I’m a sucker for a fairytale romance. Sigh. What can I say? I grew up on a steady diet of Princesses being elevated to top dog in palaces simply by winning the hearts over of random Princes by getting themselves in trouble and being incredibly pretty. Ah well, I learnt from the stereotype and bagged my uncrowned (but definitely documented royalty) Prince by getting myself into situations he needed to come and rescue me from time and again, like going to college during curfew time, getting stuck in university on a day when the heavens flooded the city and so one so forth. Princes of yesteryear, read twenty years ago, were nicer too, they came up galloping on their trusty Bajaj scooters to rescue one. Modern day princes just expect you to get yourself out of the situation you’ve got yourself into, they’re too busy applying the sunscreen and fairness creams out there in the market for them.
Ah well, I digress.
50 minutes to countdown, says the ticker on the Royal Channel on Youtube. Pray that the electricity and the net connection behaves.
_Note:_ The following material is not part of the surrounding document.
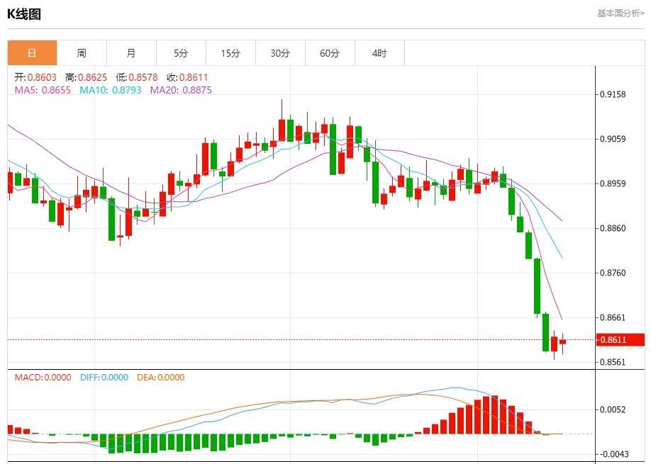 今日周一,澳元兑美元报0.6802,涨幅0.52%;美元兑加元报1.3206,跌幅0.09%;美元兑瑞郎报0.8613,跌幅0.09%。

I see the guests filing into Westminster Abby, with hats which are absolute frights what with dead birds and assorted plumage sticking out oddly, sure to impair viewing of the ceremony of those unfortunate enough to be seated behind. Some of the tophats, to go back to Plum’s Uncle Fred, are just begging to be knocked off by a quick well aimed pebble. I’m marvelling at the amazing restraint in colour shown by the women, if this was India, the guests would have blazed in every colour in the spectrum, with the bride obliged to wear the brightest blingiest thing ever, along with every item of jewellery in her trousseau box just so that she stands out. Here the palette is muted pastels, and soft hues. Everyone considerate enough so they don’t outshine the bride. Not that, one thinks, that could be technically possible.
44 minutes to go.
Kate must be a mass of nerves now. Her dress and make up will be in place, her hair will be done, her stomach will be churning with anxiety, she will be wondering how life will change for her completely once this is one, and how irrevocable the split from being ornery Kate Middleton to the Duchess of Cambridge will be. I know the feeling. Ah well, not of being Duchess of Cambridge, but the anxiety that grips the pit of the intestines just before one squares one’s shoulders and gets on with it, and goes out, smiling beautifully in order to be the most radiant bride one could possibly be.
39 minutes to go
I think back to Kate’s deceased mother in law and think of the giant sized shoes her feet are being thrust into. There seems to be already pressure for her to emerge as a style icon in the manner of the late Lady Di, something she seems to be capable of doing, but whether she can be the People’s Princess is something only time will tell.
30 minutes to go
And I’m tempted to get into the only formal morning dress I own and practise my curtsies. I feel swept along by the anticipation and the energy surrounding this event, though for the life of me I dont know why I should be, the larger than life ness of it all overwhelms me. I live vicariously.
25 minutes to go
I’ve polished my eyeballs and am sitting down for the show. Damn. I’m teary eyed already. Irrevocable proof that I’m now a matron, that I cry at weddings, even before they start, that too of folks I don’t even know.
20 minutes to go
Damn. I wonder what her dress will be like.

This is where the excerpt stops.